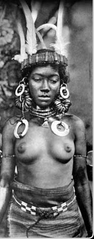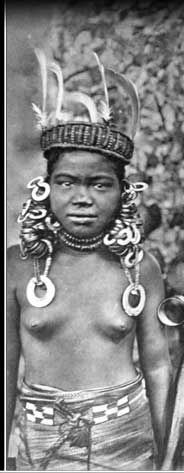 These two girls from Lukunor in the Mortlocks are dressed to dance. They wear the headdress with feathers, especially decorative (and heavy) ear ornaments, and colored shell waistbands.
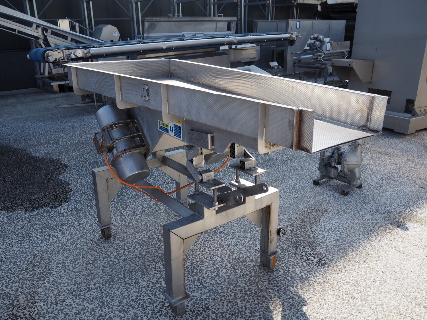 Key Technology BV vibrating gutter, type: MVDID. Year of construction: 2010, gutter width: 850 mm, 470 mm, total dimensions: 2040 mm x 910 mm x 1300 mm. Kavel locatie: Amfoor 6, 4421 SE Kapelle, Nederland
● ● ●
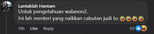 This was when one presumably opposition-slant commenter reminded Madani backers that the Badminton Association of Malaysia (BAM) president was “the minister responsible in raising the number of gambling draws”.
● ● ●
### Work instructions
Go back to the listing above and reproduce, exactly, the stretch from the line bearing "These two girls" through the line bearing "Key Technology BV", without its pictures.

### Problem solution
 These two girls from Lukunor in the Mortlocks are dressed to dance. They wear the headdress with feathers, especially decorative (and heavy) ear ornaments, and colored shell waistbands.
 Key Technology BV vibrating gutter, type: MVDID. Year of construction: 2010, gutter width: 850 mm, 470 mm, total dimensions: 2040 mm x 910 mm x 1300 mm. Kavel locatie: Amfoor 6, 4421 SE Kapelle, Nederland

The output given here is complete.